SINGAPORE: A man who posted photos of a bak kut teh meal he had at a hawker centre while he was on a stay-home notice was charged on Tuesday (Apr 7) under the Infectious Diseases Act.
Alan Tham Xiang Sheng, 34, is accused of exposing others to the risk of infection when he had reason to suspect that he was a case, carrier or contact of a disease.
He returned to Singapore from Myanmar on Mar 23 this year and was issued a 14-day stay-home notice, requiring him to stay home at all times until Apr 6.
According to the charge sheet, Tham knew he was a suspected contact of a person with COVID-19 and was subjected to the stay-home notice.
Court documents said that he allegedly exposed others to the risk of infection by appearing in the following public places: Kopitiam at Changi Airport Terminal 3, Peninsula Plaza, Kampung Admiralty Foodfare Hawker Centre and NTUC FairPrice Kampung Admiralty in Block 676, Woodlands Drive 71.
Tham, who was unrepresented, turned up in court wearing a mask a day after completing his stay-home notice. He is the first person to be charged with this specific offence in relation to the current COVID-19 pandemic.
When District Judge Adam Nakhoda asked what he intended to do, Tham said: "I plead guilty to this, because I already explained everything but it's like ... they don't take what I'm trying to say."
The judge set a date for him to plead guilty later this month and adjourned the case.
THE TIMELINE OF WHAT ALLEGEDLY HAPPENED
Soon after Tham arrived in Singapore, he posted photos of a pork rib soup meal on Facebook, with the caption: "Come back to Singapore must eat our local food."
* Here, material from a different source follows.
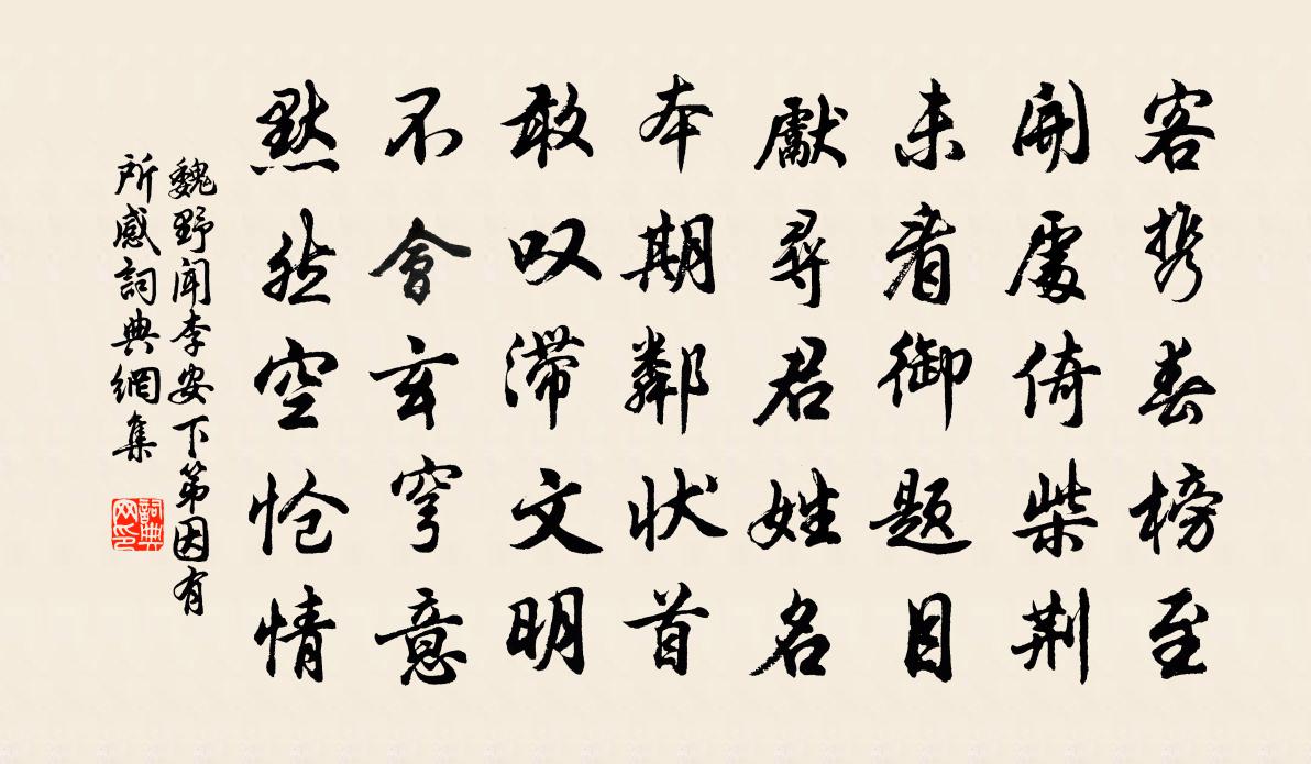 詩詞名句歷史字典書法欣賞書法字典國語詞典說文解字康熙字典古漢語字典標 題 作 者 詩 句 聞李安下第因有所感作者:魏野 朝代:宋代聞李安下第因有所感原文客攜春榜至,開處倚柴荊。未看御題目,先尋君姓名。本期鄰狀首,敢嘆滯文明。不會玄穹意,默然空愴情。詩詞問答問:聞李安下第因有所感的作者是誰?答:魏野問:聞李安下第因有所感寫於哪個朝代?答:宋代魏野聞李安下第因有所感書法欣賞聞李安下第因有所感書法作品詩詞推薦送惠思歸杭州鄭獬〔宋代〕湖上秋風滿,歸懷豈易寬。身隨秦樹老,夢入浙江寒。為客久應厭,到家貧亦安。石房舊書在,重拂綠塵看。次韻奉酬覺之王安石〔宋代〕久知乘傳入西州,雞黍從容本不謀。戶外驚塵尺書至,眼中飛浪片帆收。山林病骨煩三顧,湖海離腸欲萬周。尚有偈頌二十二首釋道生〔宋代〕古帆高掛入曹源,雷動風行海岳昏。三十二峰親坐斷,一毛頭上定乾坤。陳思王植徐鈞〔宋代〕任性何能勝矯情,奪儲切勿怨無成。阿丕縱享為君樂,得似文章千載名。登太山郭賁〔宋代〕雙屐沖煙上泰台,欲將老眼傍天開。春深疊嶂晴看雪,雨後飛泉夜聽雷。玉節攢蒼煙浩渺,群山裂翠壁崔嵬。目前送裴闡(得歸字)皇甫冉〔唐代〕道向毗陵豈是歸,客中誰與換春衣。今夜孤舟行近遠,子荊零雨正霏霏。念奴嬌(賀陳新淥再娶)趙必〔宋代〕燒燈過也,倩東風、又翦芙蕖千朵。翠陣珠圍依然是,舊日笙歌社火。一曲乘鶯,萬錢騎鶴,仙子來蓬島。金尊滿杭州送蕭寶校書朱慶餘〔唐代〕馬識青山路,人隨白浪船。別君猶有淚,學道謾經年。歲杪道中王銍〔宋代〕岩風號萬木,天意自悲傷。野店逢殘歲,危峰半夕陽。吾生猶道路,此恨付杯觴。正是淒涼極,寒梅逗晚香。元夕醉梅山弟家陳著〔宋代〕行年八十病餘身,梅塢留連率見真。花到詩家方吐氣,酒無菜飣不成春。世情風雨妨婦路,古道山林有主人。珍重賀新郎史達祖〔宋代〕綠障南城樹。有高樓銜城,樓下芰荷無數。客自倚闌魚亦避,恐是持竿伴侶。對別浦、扁舟容與。楊柳影間風不到虞美人趙長卿〔宋代〕燈前忍見啼紅面。別酒頻斟勸。愁蛾斂翠不勝情。報導看看天色、待平明。殷勤重把陽關唱。休要教人望。出門猶龜山之孫楊子順肇慶一見相投隨至德慶謀館寓曾豐〔宋代〕誰續寂寥洙泗弦,濂溪一轉至伊川。只今洛派從頭數,之子龜山第二傳。他道已融歸正道,後正猶辦入先天。十年春日汎舟南湖因遍游近港坐間書客所攜四扇張鎡〔宋代〕遠近高低錦樹明,直疑春教蝶多情。人間萬事思量盡,只好園居過此生。至尉氏張說〔唐代〕夕次阮公台,嘯歌臨爽塏。高名安足賴,故物今皆改。吾兄昔茲邑,遺愛稱賢宰。桑中雉未飛,屋上烏猶在。途逢次韻謝張德粹主簿晁公溯〔宋代〕久知經籍總皆通,萬卷縱橫在腹中。占雨正當求管輅,藏冰更欲問申豐。每慚列爵來分土,未辦通商與惠工。君自句劉承弼〔宋代〕境靜人亦寂,觴至壺自傾。林子中知府輓詩虞儔〔宋代〕彩棒初行志,華途蚤策勛。旋聞鳧舄召,徑有虎符分。嘆息誰為黨,推求誤到君。天公還憒憒,玉石竟俱焚。天津感事二十六首邵雍〔宋代〕雲輕日淡天津暮,風急林疏洛水秋。獨步獨吟人莫會,時時鷗鷺下汀洲。呈吳門王治中元俞都中參政伯大孫先人同榜方回〔宋代〕君家兩參預,漢代韋平民。留耕而耕存,惟有是以似。乃祖忠文公,補天扶國是。乃父敬愍侯,浮海將使指。直諫名句推薦少年射虎名豪,等閒赤羽千夫膳元好問《水龍吟·從商帥國器獵於南陽同仲澤鼎玉賦此》 傷心秦漢,生民塗炭,讀書人一聲長嘆。張可久《賣花聲·懷古》 南北山頭多墓田,清明祭掃各紛然。高翥《清明日對酒》 高或入於虛,華或入於浮,而虛浮之士,究難指為高華。王永彬《圍爐夜話·第一一O則》 驚風飄白日,忽然歸西山曹植《贈徐幹詩》 何似當筵虎士,揮手弦聲響處,雙雁落遙空。葉夢得《水調歌頭·九月望日與客習射西園余偶病不能射》 願妾身為紅菡萏。年年生在秋江上。歐陽修《漁家傲·近日門前溪水漲》 海內風塵諸弟隔,天涯涕淚一身遙。杜甫《野望》 凡與敵戰,若有形勢便利之處,宜爭先據之,以戰則勝。佚名《百戰奇略·第四卷·爭戰》 相思記取,愁絕西窗夜雨。韓元吉《薄倖·送安伯弟》

The Mar 24 post drew flak from commenters, who warned him of the consequences of flouting a stay-home notice, and the post was deleted soon after.
Home Affairs and Law Minister K Shanmugam said a day later in Parliament on Mar 25 that people who breach stay-home notices will be charged in court.
He referred to Tham's case and said he had asked for it to be investigated.
ICA and the Ministry of Health said in a press release after the charging that a team of officers visited Tham on Mar 25 and asked him about his whereabouts on Mar 23, the day he returned to Singapore and was served a stay-home notice.
"Tham admitted that he had not proceeded home immediately but had visited several places on the said date," said the two agencies.
Investigations found that Tham allegedly visited food centres and a mall for about six-and-a-half hours.
If convicted, Tham could be jailed for up to six months, fined a maximum S$10,000, or both.
Since his alleged flouting of his stay-home notice, the Ministry of Health has put into effect new regulations regarding stay-home notices, under the Infectious Diseases (COVID-19 - Stay Orders) Regulations 2020 which kicked in on Mar 26.
Earlier on Tuesday, a man was charged under these new regulations for breaching his stay-home notice to deliver newspapers.
He also faces a maximum six-month jail term, a fine of up to S$10,000, or both.
ICA said it will not hesitate to take firm enforcement action against those who fail to comply with the stay-home notice regulations.
"Besides prosecuting offenders under the Infectious Diseases Act and its regulations, ICA may also cancel their immigration facilities, where applicable," it added.
The authority reminded all travellers to ensure that they submit complete and accurate health and travel declarations via the SG Arrival Card.
Making a false or misleading declaration can lead to prosecution, and foreigners who commit such offences can face further administrative actions such as having their permits and passes revoked or their validity shortened.
Editor's note: An earlier version of the story said Tham allegedly went to Koufu Food Centre at Changi Airport Terminal 3. The charge sheet was incorrect; he went to Kopitiam.